NoETL follows an event-driven, distributed worker model where all execution emits structured events for replay, observability, and optimization.

1.1 Components

  • Server (control plane)

    • API endpoints (start execution, receive events, query executions)
    • Resolves and validates playbooks
    • Persists the append-only event log
    • Evaluates step admission via step.spec.policy.admit.rules (no step.when)
    • Evaluates routing via step.next.arcs[].when
    • Schedules step runs and (optionally distributed) loop iterations
    • Enforces payload/reference policies (max payload bytes, reference-first)
  • Worker pool (data plane)

    • Pure background worker pool (no HTTP endpoints)
    • Claims step-run commands (and/or iteration-run commands) from queue
    • Executes the step pipeline (step.tool) deterministically
    • Applies task policies (task.spec.policy.rules) for retry/jump/break/fail/continue
    • Emits task/step/loop-iteration events back to server
  • Queue / pubsub (commonly NATS)

    • Distributes run commands to workers
    • May be used for leases/coordination (implementation-defined)
  • Event Log

    • Append-only event store used for replay and audit
    • Exportable to analytics/observability stores (ClickHouse, OTEL, etc.)

1.2 High-level sequence (Standard)

Client → Server API: playbook.execution.requested
Server → Event Log: request persisted
Server: validate + resolve + merge workload + init ctx
Server: evaluate start step admission (admit.rules)
Server → Queue: step.run.enqueued (token enters transition)

Worker → Queue: step.run.claimed
Worker → Server: task.* + iteration.* + step.* events (with outcomes / references)
Server → Event Log: persist worker events
Server: evaluate next.arcs routing on terminal boundary events
Server → Queue: enqueue next step.run(s) OR complete workflow

2) Domain model (entities)

2.1 Playbook (root structure)

A Playbook is the top-level YAML document. Root sections are limited to:

  • apiVersion, kind
  • metadata
  • keychain (optional but recommended)
  • executor (optional)
  • workload
  • workflow
  • workbook (optional)

Root-level vars MUST NOT exist.

2.2 Workflow

A Workflow is a list of steps that form a directed graph via next arcs. Conventions:

  • entry routing is via admission + explicit arcs (see §7)
  • termination occurs when no runnable tokens remain

2.3 Step (Petri-net transition)

A Step is a Petri-net transition:

  • Admission gate: step.spec.policy.admit (server-side)
  • Firing: step.tool ordered pipeline (worker-side)
  • Outgoing arcs: step.next.arcs[] (server-side routing)

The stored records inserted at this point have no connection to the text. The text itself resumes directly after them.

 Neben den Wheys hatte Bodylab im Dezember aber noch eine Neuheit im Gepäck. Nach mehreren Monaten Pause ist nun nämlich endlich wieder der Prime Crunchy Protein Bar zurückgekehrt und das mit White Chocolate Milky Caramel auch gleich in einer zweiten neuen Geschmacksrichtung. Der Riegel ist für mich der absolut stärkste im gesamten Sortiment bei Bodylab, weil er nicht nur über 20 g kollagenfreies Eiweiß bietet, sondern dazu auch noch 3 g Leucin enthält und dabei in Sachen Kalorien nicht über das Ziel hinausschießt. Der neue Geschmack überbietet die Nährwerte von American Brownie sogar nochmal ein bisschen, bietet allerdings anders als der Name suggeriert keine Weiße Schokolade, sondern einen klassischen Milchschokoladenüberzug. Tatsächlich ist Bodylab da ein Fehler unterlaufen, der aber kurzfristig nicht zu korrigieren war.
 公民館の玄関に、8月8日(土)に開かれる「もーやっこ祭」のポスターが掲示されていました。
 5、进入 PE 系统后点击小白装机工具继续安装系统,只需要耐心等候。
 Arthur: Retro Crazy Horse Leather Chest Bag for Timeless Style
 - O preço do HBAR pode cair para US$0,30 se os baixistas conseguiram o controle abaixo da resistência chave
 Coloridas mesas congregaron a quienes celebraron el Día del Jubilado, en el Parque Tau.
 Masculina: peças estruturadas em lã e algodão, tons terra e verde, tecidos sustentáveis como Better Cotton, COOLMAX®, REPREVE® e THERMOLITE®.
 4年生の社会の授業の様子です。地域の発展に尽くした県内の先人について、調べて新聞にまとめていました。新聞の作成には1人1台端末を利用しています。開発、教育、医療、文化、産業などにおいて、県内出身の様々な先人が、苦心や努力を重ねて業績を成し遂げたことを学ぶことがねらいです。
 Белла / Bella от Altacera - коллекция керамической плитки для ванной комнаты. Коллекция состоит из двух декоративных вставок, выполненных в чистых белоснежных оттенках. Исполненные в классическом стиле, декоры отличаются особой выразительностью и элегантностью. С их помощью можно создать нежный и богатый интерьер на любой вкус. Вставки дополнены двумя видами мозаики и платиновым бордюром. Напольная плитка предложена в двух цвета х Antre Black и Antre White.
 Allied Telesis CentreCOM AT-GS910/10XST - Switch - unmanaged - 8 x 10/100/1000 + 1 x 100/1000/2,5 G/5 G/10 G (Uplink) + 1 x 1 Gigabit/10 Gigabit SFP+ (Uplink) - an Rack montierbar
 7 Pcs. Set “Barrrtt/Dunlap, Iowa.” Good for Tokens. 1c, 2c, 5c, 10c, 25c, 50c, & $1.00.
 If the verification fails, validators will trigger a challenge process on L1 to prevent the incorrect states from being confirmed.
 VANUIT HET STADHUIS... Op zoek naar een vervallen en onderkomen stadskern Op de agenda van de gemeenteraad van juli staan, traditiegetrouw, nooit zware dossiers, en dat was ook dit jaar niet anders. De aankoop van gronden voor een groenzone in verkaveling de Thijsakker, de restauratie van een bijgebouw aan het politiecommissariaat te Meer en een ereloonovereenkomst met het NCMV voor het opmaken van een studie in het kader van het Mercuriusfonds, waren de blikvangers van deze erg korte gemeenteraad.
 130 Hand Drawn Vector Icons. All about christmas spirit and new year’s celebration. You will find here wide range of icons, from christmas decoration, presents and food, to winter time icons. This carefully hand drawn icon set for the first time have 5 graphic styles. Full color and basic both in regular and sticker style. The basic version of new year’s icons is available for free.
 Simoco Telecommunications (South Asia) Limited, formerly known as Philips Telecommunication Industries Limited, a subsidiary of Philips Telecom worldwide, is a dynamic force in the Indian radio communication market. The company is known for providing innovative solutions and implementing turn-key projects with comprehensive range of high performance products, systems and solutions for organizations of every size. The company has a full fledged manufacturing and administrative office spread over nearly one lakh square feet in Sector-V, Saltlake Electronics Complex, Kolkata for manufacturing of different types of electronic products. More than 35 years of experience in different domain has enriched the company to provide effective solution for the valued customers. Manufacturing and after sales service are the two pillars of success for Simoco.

There is no step.when field in the standard model.

2.4 Tool / Task

A Task is a labeled tool invocation in the pipeline. A Tool kind is an execution primitive (http, postgres, duckdb, python, secrets, etc.).

All runtime knobs are expressed under task.spec (with spec merge precedence).

2.5 Loop

loop is a step modifier that repeats the step pipeline over a collection:

  • loop.in: collection expression
  • loop.iterator: iterator binding in iter.<iterator>
  • loop.spec.mode: sequential (default) or parallel
  • optional: loop.spec.policy.exec: distributed|local (placement intent)

Loop scheduling is server-owned; iteration execution is worker-owned (see §6).

2.6 Next (arcs)

next is a routing router object:

  • next.spec.mode: exclusive|inclusive (fan-out control)
  • next.arcs[]: each arc has when guard + args inscription payload

3) Runtime scopes (state model)

NoETL separates immutable input from mutable execution state and local iteration state.

3.1 workload (immutable)

At execution start, the server builds MergedWorkload by merging:

  1. playbook workload defaults
  2. execution request payload overrides

workload is then immutable for the execution instance.

3.2 ctx (execution scope, mutable)

ctx is mutable state shared across steps within one execution:

  • progress counters
  • session state
  • references to externally stored results

Persistence rule: ctx updates MUST be recorded as event-sourced patches (not full snapshots).

3.3 iter (iteration scope, mutable)

If a step has a loop, each iteration has isolated iter scope:

  • iter.<iterator> binds current element
  • iter.index
  • iter.* holds pagination/streaming state (page, has_more, status codes, etc.)

3.4 Nested loops

Standard addressing uses a parent chain:

  • iter is current iteration
  • iter.parent is outer iteration
  • iter.parent.parent for deeper nesting

3.5 Pipeline locals

Within a step pipeline (or within an iteration pipeline):

  • _prev: previous task output (standard: previous task’s outcome.result)
  • _task: current task label
  • _attempt: attempt counter for current task

3.6 Read/write guidance (Standard)

  • Reads commonly use: token argsctxiterworkload
  • Writes:
    • iteration-local: set_iter
    • cross-step: set_ctx (restricted for parallel loops until reducers/atomics exist)

4) Standard step execution

4.1 Standard step form

A standard step contains:

  • spec (step knobs + step policies)
  • optional loop
  • tool pipeline (ordered list of labeled tasks)
  • next router (arcs)

There is no standard need for special step-level constructs like case, retry, or sink:

  • retry/pagination/polling = task policy rules
  • sink = just a storage tool task that returns a reference

4.2 Fan-out mode belongs to next (not step spec)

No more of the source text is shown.